Capítulo 10
Rose falava com uma conhecida quando viu Hayato passar por perto
com outro rapaz. Ela pediu licença a moça e seguiu atrás dele e tocou seu
ombro:
- Oi... - ela disse abrindo um sorriso.
Hayato se virou e sorriu ao vê-la a sua frente.
- Olá gata... Como vai?
- Bem,,, E você? - ela disse vendo o outro rapaz se afastar.
- Estou melhor agora. Não sabia que estava aqui.
- Eu vim com meu irmão e a Maby. É... Eu queria pedir desculpa
por aquele dia. Foi uma confusão só e a gente nem pode se falar direito. - ela
disse um pouco sem jeito.
- Não tem problema, gata. Leonardo só estava querendo te
proteger, pena que eu não sou o lobo mal... - ele sorriu. - Quer dançar? Vir a
uma festa e ficar parado não é a minha praia...
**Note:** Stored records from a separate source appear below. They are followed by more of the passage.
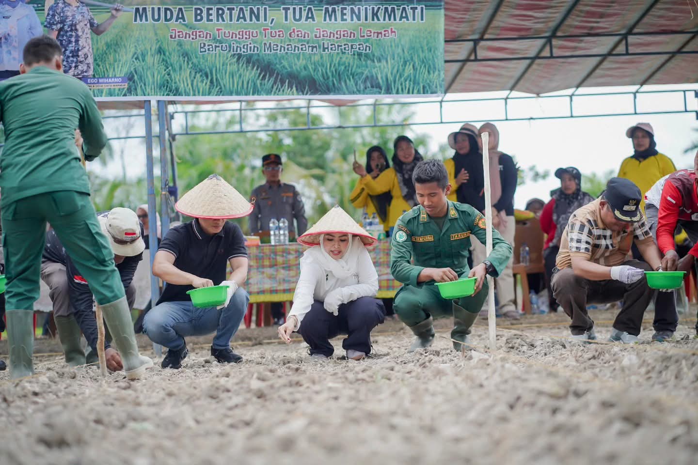 Panai Hulu-Intipnews.com:Bupati Labuhanbatu, dr. Hj. Maya Hasmita Sp.OG., M.K.M., dan Wakil Bupati, H. Jamri, S.T., bersama Dandim 0209/LB, Letkol Inf. Yudy Ardiyan Saputro, S.IP., melakukan penanaman padi darat gogo, di Desa Cinta Makmur, Kecamatan Panai Hulu, Minggu (2/11/25).
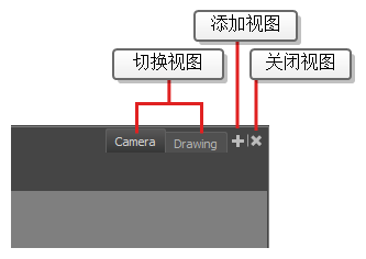每个视图顶部均有一个包含视图名称的选项卡。选项卡不仅可以用来识别您所工作的视图,还使您可以在用户界面的相同区域堆叠多个视图。例如,在默认工作区中,“摄像机”视图占用了大部分区域。“摄像机”视图顶部有两个选项卡,一个是摄像机,另一个是绘图。这是因为“绘图”视图与“摄像机”视图堆叠,您可以通过点击任一选项卡在两者间快速切换。
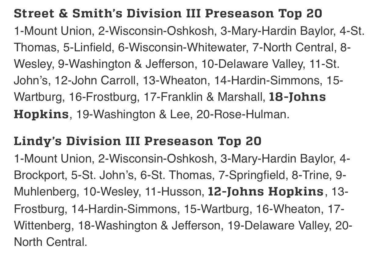 Street & Smith is a new one to me, but they seem to have a better grasp on DIII football than Lindy's.
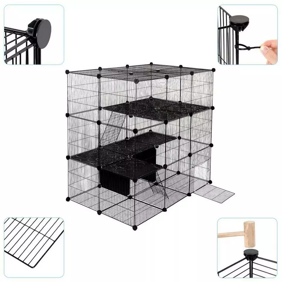 - Der mit einer Kappe versehene Haustierzaun eignet sich besonders für kleine Haustiere mit starken Sprungfähigkeiten
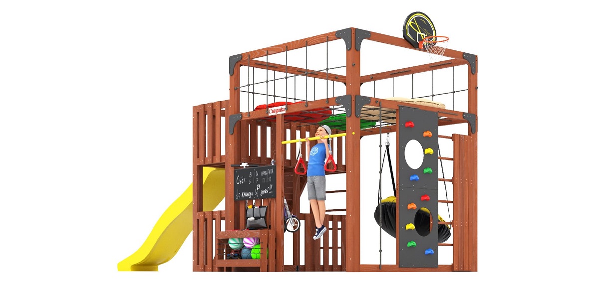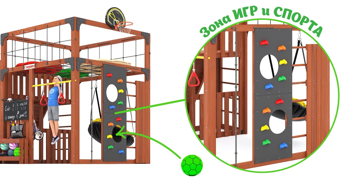 - Спорт и развитие: шведская стенка, скалодром, турник, баскетбольный щит, кольца, канат, горка — для формирования силы, ловкости и выносливости.
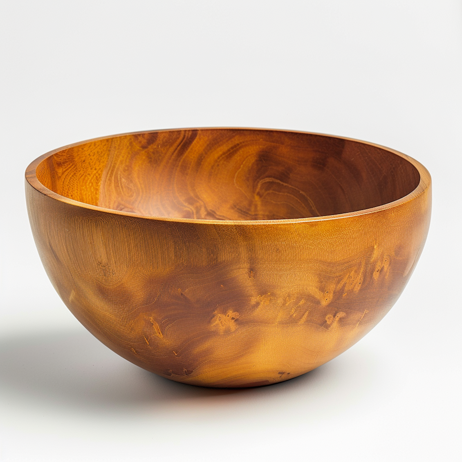 Elegant wooden bowl with rich grain patterns and a polished finish, perfect for decor or serving. Minimalist design on a white background.
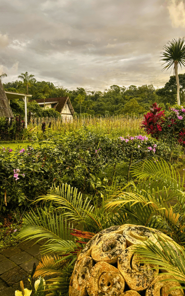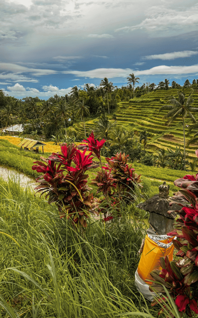 It was genuinely one of the loveliest stays I’ve had in Bali. The property is made up of bungalows with a view over the surrounding fields, set within a beautifully maintained, colorful garden.
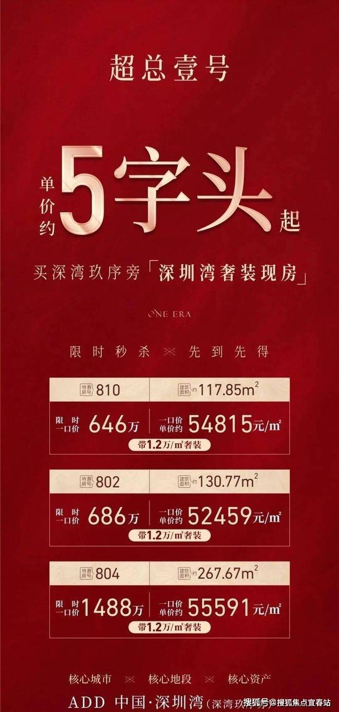 单价约56666元/㎡起,带1.2万/㎡奢装,仅1/4中海深湾玖序价格,买深超总稀缺奢居大平层!
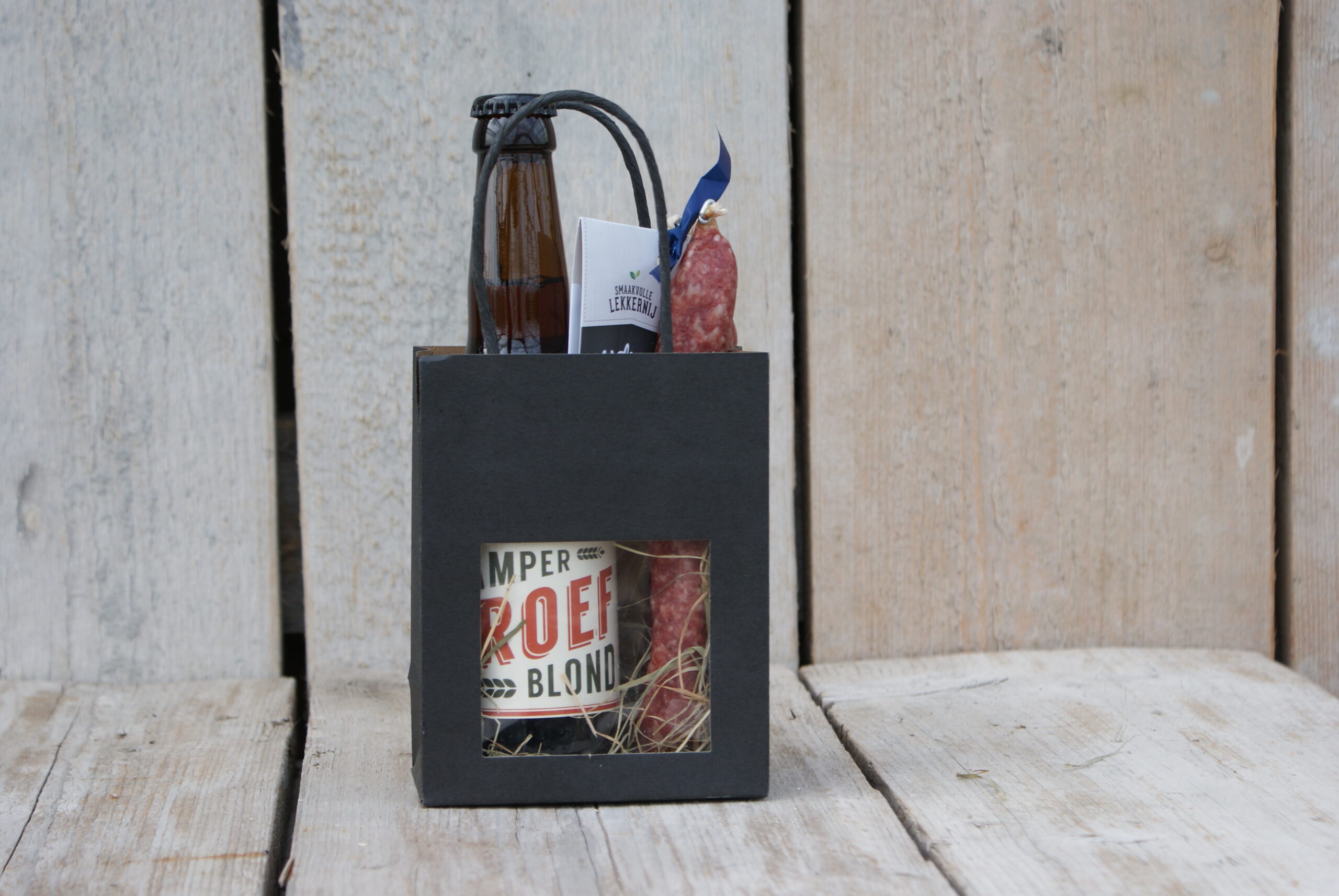 Tasje vol met een lekker biertje en worst
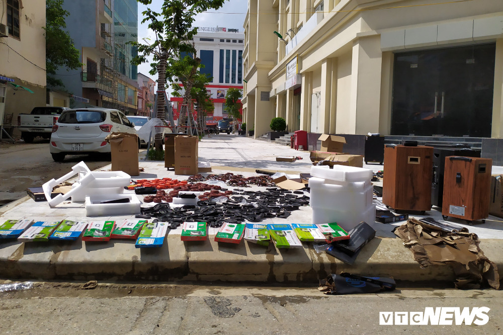 Các linh kiện, thiết bị điện tử được phơi trên vỉa hè.
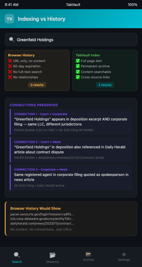Consider what full-text tab search means in practice. You remember that a witness mentioned "Greenfield Holdings" in a deposition excerpt you read two months ago, but you cannot recall whether it was in a court filing, a news report, or a FOIA document. With browser history, you would scroll through hundreds of URLs hoping to recognize the right one, then click through each to see if the page still loads and contains the phrase. With TabVault, you search "Greenfield Holdings" and every indexed page containing those words appears instantly — the deposition excerpt, a corporate filing that also mentions the name, and a city council meeting minutes page you had forgotten you ever visited.
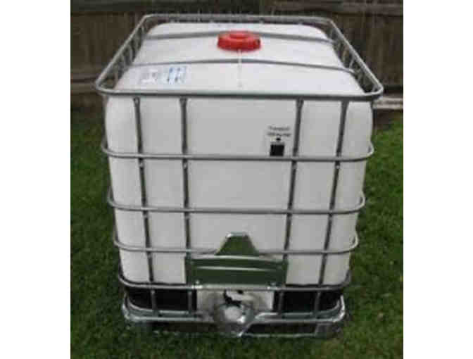 FDA Approved 275 gallon Polyethylene IBC Tote Tank with galvanized steel 4 way pallet and protective cage. 6" Filler Cap Ball or Barrel Valve. Safe for drinking water, sap or other food stuffs.
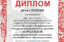 17 апреля 2017 года на базе ДК Менжинского прошла церемония награждения победителей и призёров Республиканских конкурсов и фестивалей.В конкурсе антинаркотических профилактических проектов среди образовательных организаций дополнительного образования «Парад идей»в туристско-краеведческом направлении МБУ ДО ЦДТ «Сэлэт» Апастовского муниципального района (руководитель – педагог дополнительного образования Насибуллина Гульнур Хайдаровна) заняла 3 место. Поздравляем!
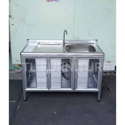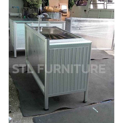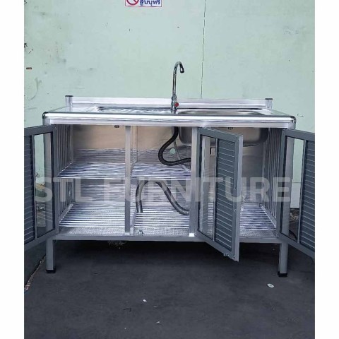 มาพร้อมอ่างล้างจานสแตนเลสขนาดใช้งานสบาย ติดตั้งในตำแหน่งด้านซ้ายของตัวตู้ พร้อมแผงกันตกด้านหลังสูง 5 ซม. ช่วยป้องกันน้ำกระเด็นเลอะผนังด้านหลังได้เป็นอย่างดี ความสูงจากพื้นถึงอ่าง 80 ซม. และความสูงรวมทั้งตู้ 85 ซม. ออกแบบให้รองรับสรีระการยืนล้างจาน ลดอาการเมื่อยล้าเมื่อต้องใช้งานเป็นเวลานาน
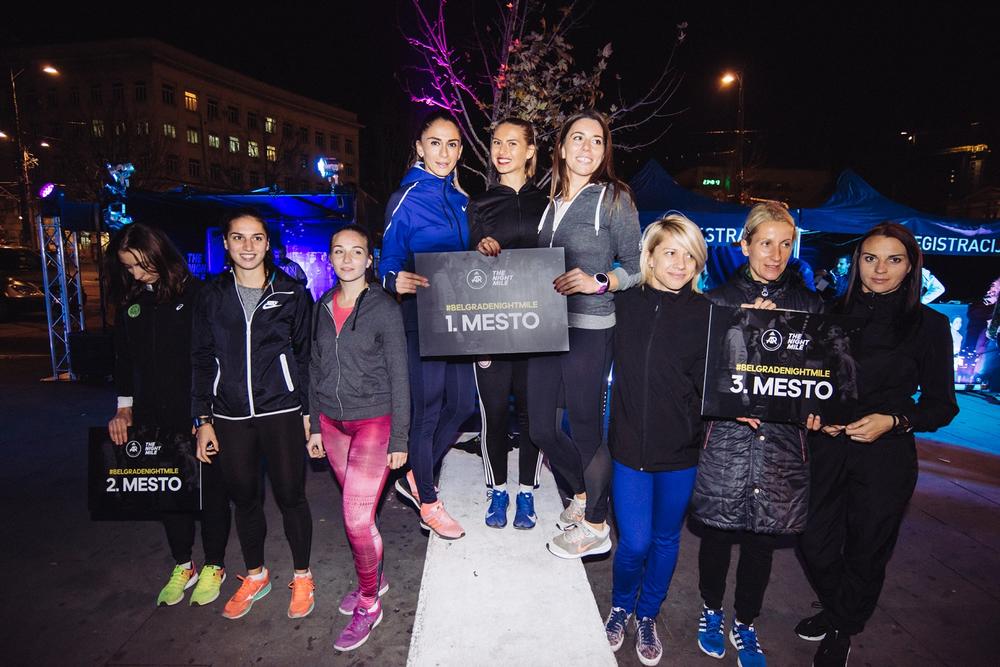 Blizu 200 trkača okupilo se u petak na Savskom trgu, odakle je tačno u 22 časa krenula prva „Belgrade Night Mile“ trka, koju je organizovao tim adidas Runners Belgrade. Ukupno 56 timova od po troje trkača takmičilo se u muškoj i ženskoj kategoriji, trčavši rutom od Savskog trga, preko ulica Milovana Milovanovića i Gavrila Principa. Miodrag Vukić, Miloš Milosavljević i Marko Vozab istrčali su najbržu trku i sa ukupnim vremenom od samo 13 minuta i 25 sekundi, ostvarili pobedu u muškoj kategoriji. Najbolje ukupno vreme, od 16 minuta i 20 sekundi, u ženskoj kategoriji postigle su tri dame, Nevena Jovanović, Ivana Živković i Dajana Petković.

Ela riu achando engraçado o que ele disse. Leo.. Lobo mau. Essa
foi boa!
- Quero sim. Vamos lá..
Hayato pegou na mão dela e a levou para a sala de estar que
virou uma discoteca. Uma música animada estava tocando e Hayato se aproximou de
Rose, começando a dançar colado a ela.
Leonardo, que estava rondando Rose de perto com o olhar, cerrou
o maxilar ao vê-la dançando com Hayato. O descendente de japoneses dançava
grudado as costas de Rose, que rebolava pra ele. Leo não sabia o que fazer
naquele momento. Não podia fazer um escândalo, mas não suportava a ideia de que
sua doce e perversa garota estivesse nos braços de outro cara e ele sabia, ela
só estava fazendo aquilo para provoca-lo. Sem saber Leonardo estava certo. Este era o objetivo de Rose,
provoca-lo. quando seus olhos encontraram os dele a observando ela dança com
mais sensualidade colocando as mãos para trás pegando a nuca do seu
acompanhante. Depois ela vira-se de frente para Hayato enlaçando as mãos em seu
pescoço. Ela a pega pela cintura trazendo cada vez mais perto. Sentindo que
receberia um beijo discretamente Rose brinca e se esquiva, e sorri pra ele. Hay
sorri pra ela e a puxa para o beijo mesmo assim. Domina seus lábios com ardor. Após o beijo eles continuaram dançando. Olhando para a direção
que seu "lobo mau" estava, o viu balançar a cabeça reprovando o ato.
Pela primeira vez ela se sente mal com suas ações. Ela fica confusa, mas
continua dançando.
Ao mesmo tempo em que se sentiu ruim e pensava em parar com
aquilo, Sharon falou alguma coisa para Leonardo e o puxou para a pista de dança
improvisada. Começaram a dançar e não demorou muito para a garota de cabelos
claros fazer o seu showzinho. Sentido e revoltado com as atitudes de Rose, ele
se entrega aos encantos da loira. Alisou as pernas dela e apertou seu bumbum
enquanto dançavam; e por fim a beijou como se o mundo fosse acabar dando a doce
e perversa Rose o mesmo troco.
O coração dela doeu nessa hora. Ela não queria mais ver aquilo.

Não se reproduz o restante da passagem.